Thursday , March 28 2024

Sigh of Relief Accompanies Latest Inland Empire Manufacturing Numbers

Manufacturing in the Inland Empire bounced back in January, one month after that sector fell to its lowest rate in six years.

The Inland Empire’s purchasing managers index last month was 51.3, according to data released Monday by the Institute of Applied Research and Policy Analysis at Cal State San Bernardino.

Although not spectacular, that number was still a cause for relief and maybe a mild celebration at the institute, which publishes a report on manufacturing in Riverside and San Bernardino counties on the first working day of every month.

Not only did it top 50, the dividing line for whether manufacturing is expanding or contracting, but it overwhelmed the 42.1 index that was recorded in December, an abysmal number that caught most observers by surprise and was the lowest index recorded since 2009.

“We were happy to see it,” said Barbara Sirotnik, director of the institute and a co-author of the report. “There is undoubtedly some seasonality at work, and it could have been that the December number was so bad that it had to come back up. We’re just glad that it did.”

The index must be above or below 50 for three consecutive months before a trend can established, so the index must stay up for two more months before it can be said the Inland Empire manufacturing sector is growing.

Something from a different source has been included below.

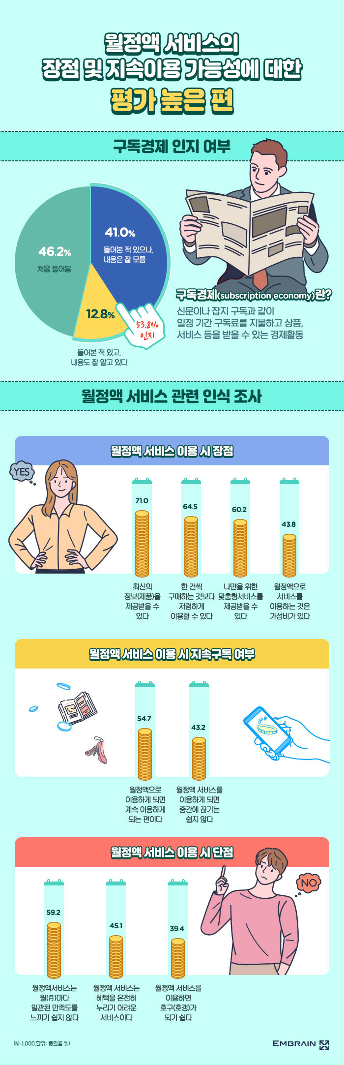 → 이처럼 긍정적인 평가가 많은 만큼 지속적으로 구독 서비스를 경험해 보고 싶어하는 소비자들이 많은 것은 당연하다고 볼 수 있다. 전체 응답자의 65%가 앞으로 보다 더 다양한 구독서비스를 경험해보고 싶다는 바람을 내비친 것으로, 젊은 층일수록 다양한 구독 서비스를 경험해보고 싶은 마음(10대 78.4%, 20대 73.7%, 30대 71.4%, 40대 52.3%, 50대 61.8%, 50대 52.8%)이 커 보였다. 앞으로 등장할 구독 서비스가 이전에는 경험해보지 못한 새로운 경험을 제공해줄 것이라는 기대감(66.5%)도 컸다. 물론 모든 것을 소유하기에는 경제적 부담이 크다는 현실적인 문제도 구독 서비스의 이용이 증가할 것이라는 예상을 가능케 하는 이유였다. 실제 소비자 10명 중 7명(70%)은 구독 서비스의 이용이 증가하는 것은 전반적인 의식주 비용이 높아지는 것과 관계가 있다고 바라봤다. 다만 구독 서비스의 이용을 껄끄럽게 생각하는 시각도 일부 존재하는 것으로 보여졌다. 가령 전체 응답자의 60%가 한번 구독 서비스를 이용하게 되면 서비스를 중단하기가 쉽지 않을 것 같다는 생각을 내비쳤다. 구독 이후 일정 시간이 지나면 해지할 타이밍을 놓치거나 귀찮게 여기면서, 서비스 중단을 하지 못하는 경우가 발생한다고 보는 것이다. 어느 정도 ‘비용’에 대한 부담감도 느끼는 모습이었다. 구독 서비스의 가장 대표적인 방식인 ‘월정액 서비스’로 살펴보면, 소비자의 74%가 다달이 일정하게 내는 비용이 솔직히 부담이 된다고 응답했다. 물론 기본적으로 한 건씩 구매하는 것보다 저렴하게 이용할 수 있다(64.5%)는 인식이 강했으나, 여러 서비스를 이용할 경우 비용 부담을 피하기는 어렵기 때문일 것이다. 그래도 월정액 서비스 이용은 가성비가 있고(동의 43.8%, 비동의 22%), 합리적인 비용으로 제공되는 것 같다(동의 41.3%, 비동의 22.7%)는 인식이 좀 더 큰 편으로, 주로 젊은 층이 월정액 서비스의 이용금액을 합리적이라고 인식했다. 그밖에 월마다 일관된 만족도를 느끼기가 쉽지 않다고 생각하는 소비자(59.2%)도 적지 않았다.

Possibly the best news within the report was the month-over-month increase in new orders – up 18.7 to 58. 1 – and production, which rose 18.8 to 56.7 during that time. That both of those numbers are on the rise and comfortably above 50 indicates manufacturers probably expect consumers to keep buying during the next few months.

Still, the manufacturers surveyed expressed little confidence in the direction of the local economy during the next three months. Only 11 percent said they expect the Inland Empire economy to improve during that time, while 48 percent said they expect it to stay the same and 41 percent said they anticipate it getting weaker.

“That was the one thing I thought was disappointing,” Sirotnik said, “With the rest of the report so good, I expected to see more confidence in the economy.”